Radical thinking, far from Capitol Hill.  In February, former FDA commissioner Andrew von Eschenbach wrote that maybe FDA was being too tough on efficacy in the face of proven safety. Specifically, he wrote:

Instead, after proof of concept and safety testing, the product could be approved for marketing with every eligible patient entered in a registry so the company and the FDA can establish efficacy through post-market studies.

Then, in late April, Dr. Eric Topol** of Scripps Institute and a leader on cardiovascular safety issues, suggested that FDA may be too tough on safety in the face of proven efficacy. Specifically, he said:

The whole concept of having “overwhelming efficacy” of a device, or a drug, or a diagnostic test hasn’t been embraced enough. If we have that, learning about safety could be done on a conditional approval basis…..under a probationary status [with] every single individual…monitored electronically to watch the device, the drug, the test in question.

If the goal was to shock as well as provoke discussion, they both succeeded with me. Each offers a proposal that violates at least two important norms: “all drugs have risks” and “the first obligation of physicians is ‘to do no harm.’”

FDA Matters and, I believe, FDA and most stakeholders believe that substantial evidence of both safety and efficacy are needed before drugs are made available in the marketplace. I imagine the American public would agree.  

Radical Thinking Re-channeled.  I respect both individuals for their intellect and achievements, so I tried to find more conventional ways of looking at their ideas, ways that wouldn’t place tens of thousands of patients at risk. I think I succeeded.

Dr. von Eschenbach’s central point is that we don’t squeeze enough therapeutic potential out of drugs that have been well-tested and have excellent safety profiles. In that case, NIH Director Francis Collins is thinking along the same lines.  

On May 3, he announced  a new initiative, called Discovering New Therapeutic Uses for Existing Molecules. The program “will direct researchers’ attention to [and provide availability for testing] a part of the drug development pipeline traditionally difficult to access: compounds that have cleared several key steps in the development process, including safety testing in humans.”

Dr. Topol’s central point is that seriously-ill patients should have access to therapies that demonstrate impressive efficacy, without delay by inflexible rules about proof of safety. In that case, the Senate is thinking along the same lines.  

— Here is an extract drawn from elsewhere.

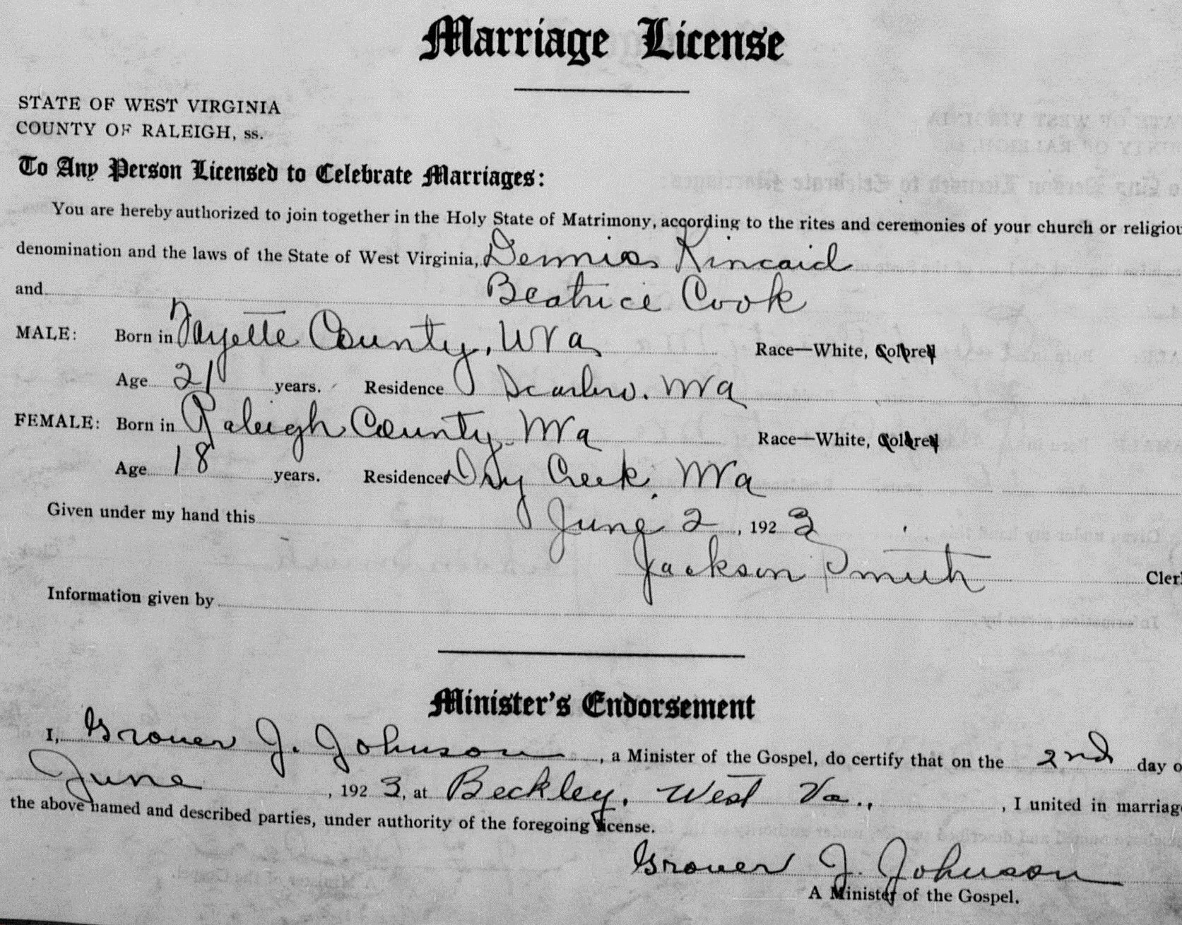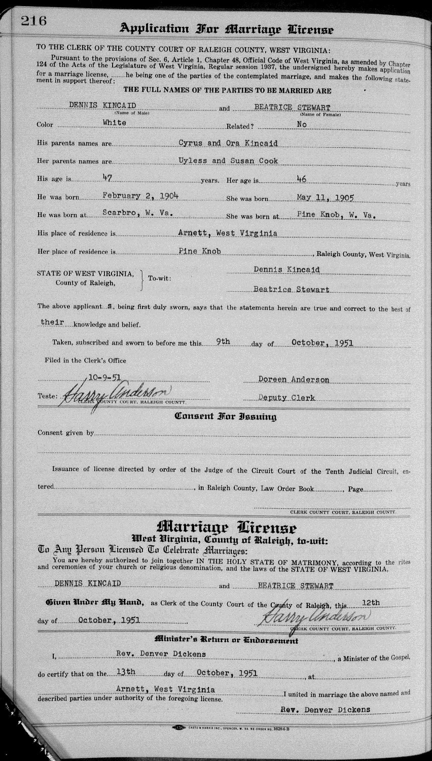 Married: (1) Dennis Kincaid June 2, 1923 in Beckley, Raleigh County, West Virginia. (Divorce before June, 1928.)

As described in a recent column, Proposals to Speed Drug Approvals: Not Created Equal, the Advancing Breakthrough Therapies for Patients Act or the Breakthrough Act (S. 2236) would:

“provide more flexibility when a drug or treatment shows dramatic responses early in development, while still ensuring drug safety and efficacy. For patients, this proposal would allow FDA the ability to move towards more innovative clinical trials, such as minimizing the number of patients enrolled in trials and shortening the duration of trials, when scientifically appropriate.”

S. 2236 is part of the user fee reauthorization bill that passed in the Senate Subcommittee.

Radical ideas met with innovative but conventional solutions. Well done all around.


* Yes, there really is a word that means “once every five years.” http://www.merriam-webster.com/dictionary/quinquennial

** Dr. Eric Topol was recently named the “most influential physician executive in the U.S.” by Modern Healthcare magazine.